RECORDED INFORMATION START
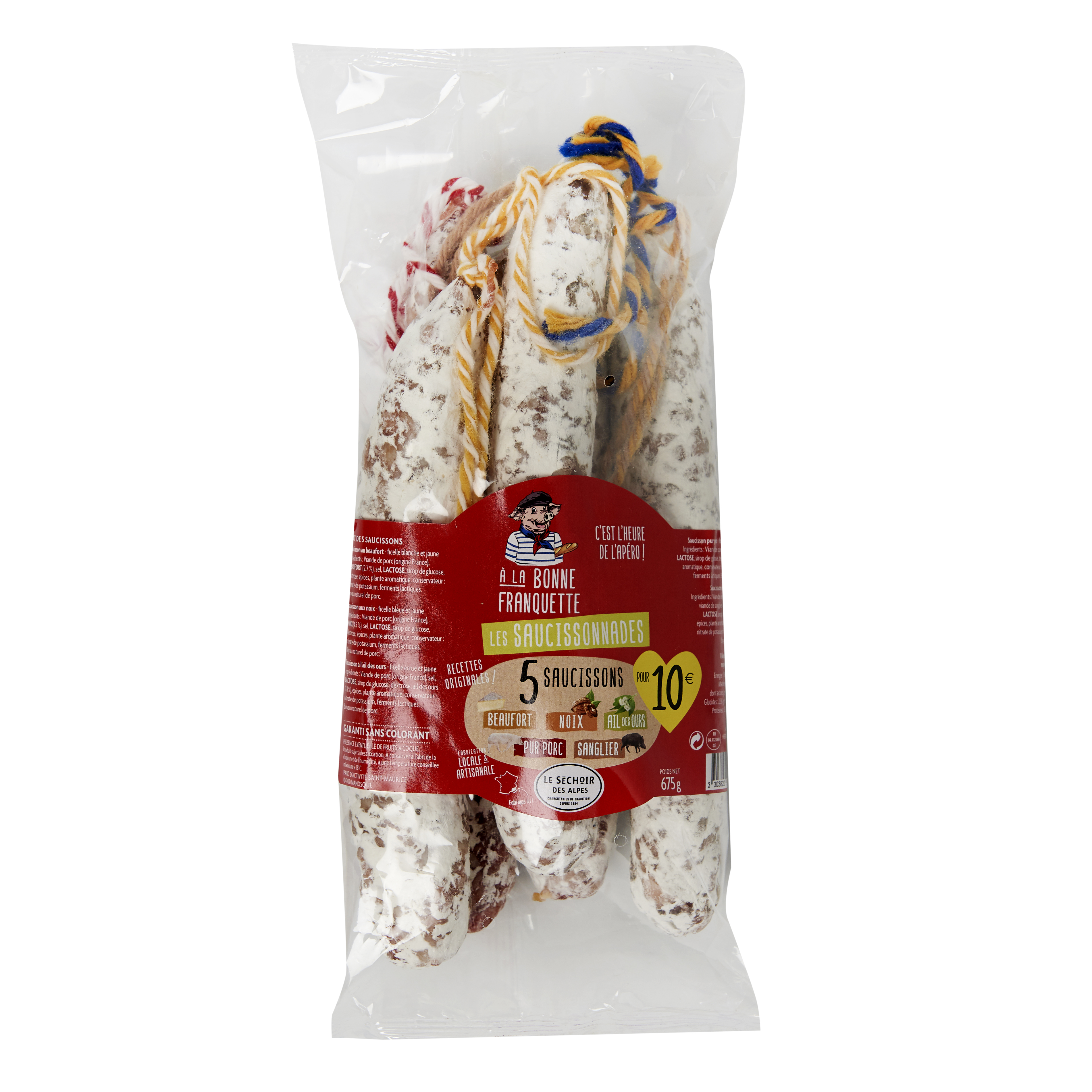 Saucisson à l'ail des ours: Ingrédients : Viande de porc (origine France), sel, sucres (LACTOSE, sirop de glucose, dextrose), ail des ours (2%), épices, plante aromatique, conservateur: nitrate de potassium, ferments lactiques. Boyau naturel de porc
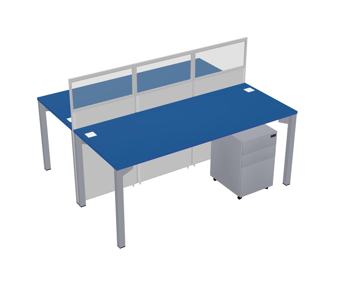 Prism Blue Shared Rectangular Office Cubicle Panel System With Mobile Drawers For 2 Persons
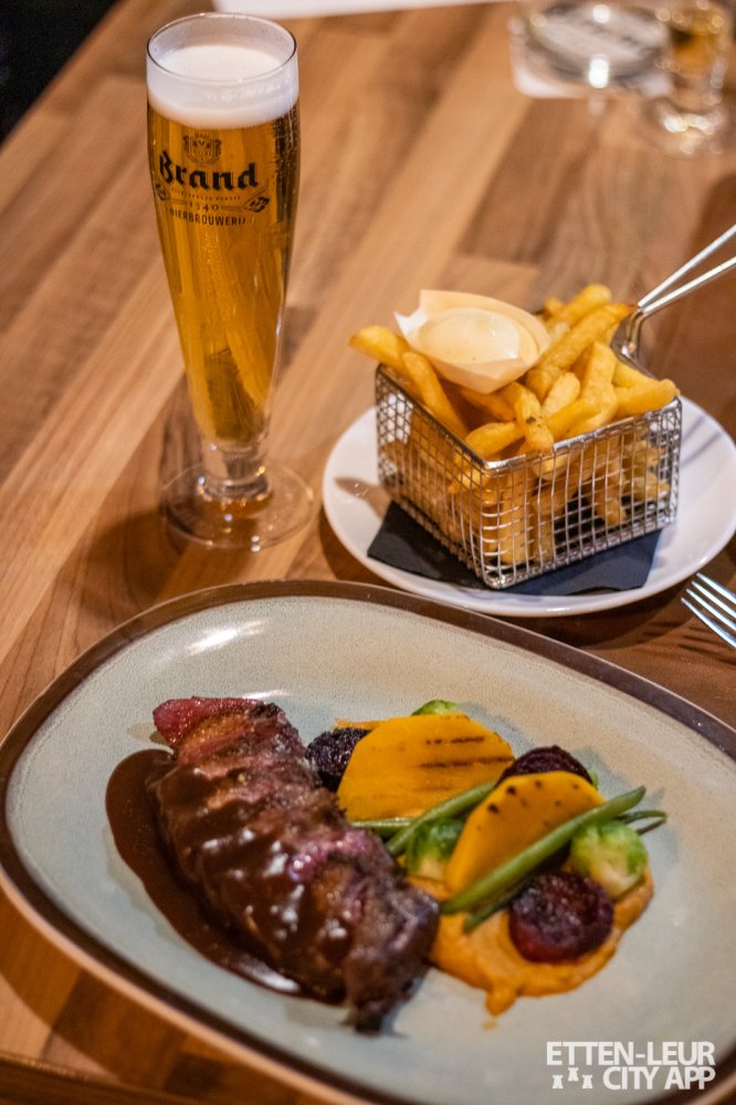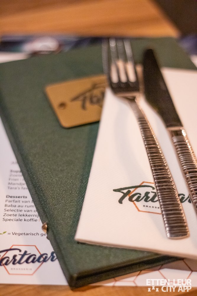 Brasserie Tartaar staat bekend om zijn steak tartaar en dat willen we proeven. Ze vertelt dat ze een wild menu hebben. Terwijl wij het menu bekijken wordt er een mooi glaasje brandbier geserveerd. Brasserie Tartaar is de enige van de horeca uitbaters in Etten-Leur die Brand op de tap heeft.
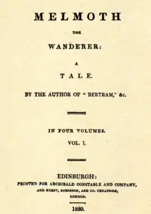 Melmoth the Wanderer is an 1820 Gothic novel by Irish playwright, novelist and clergyman Charles Maturin. The novel's titular character is a scholar who sold his soul to the devil in exchange for 150 extra years of life, and searches the world for someone who will take over the pact for him, in a manner reminiscent of the Wandering Jew.[1]
RECORDED INFORMATION END
:: EXERCISE DESCRIPTION ::
Restate word for word the lines running from the first line of the material to the line containing "Prism Blue Shared", inclusive, and drop every picture.

:: ANSWER SPACE ::
 Saucisson à l'ail des ours: Ingrédients : Viande de porc (origine France), sel, sucres (LACTOSE, sirop de glucose, dextrose), ail des ours (2%), épices, plante aromatique, conservateur: nitrate de potassium, ferments lactiques. Boyau naturel de porc
 Prism Blue Shared Rectangular Office Cubicle Panel System With Mobile Drawers For 2 Persons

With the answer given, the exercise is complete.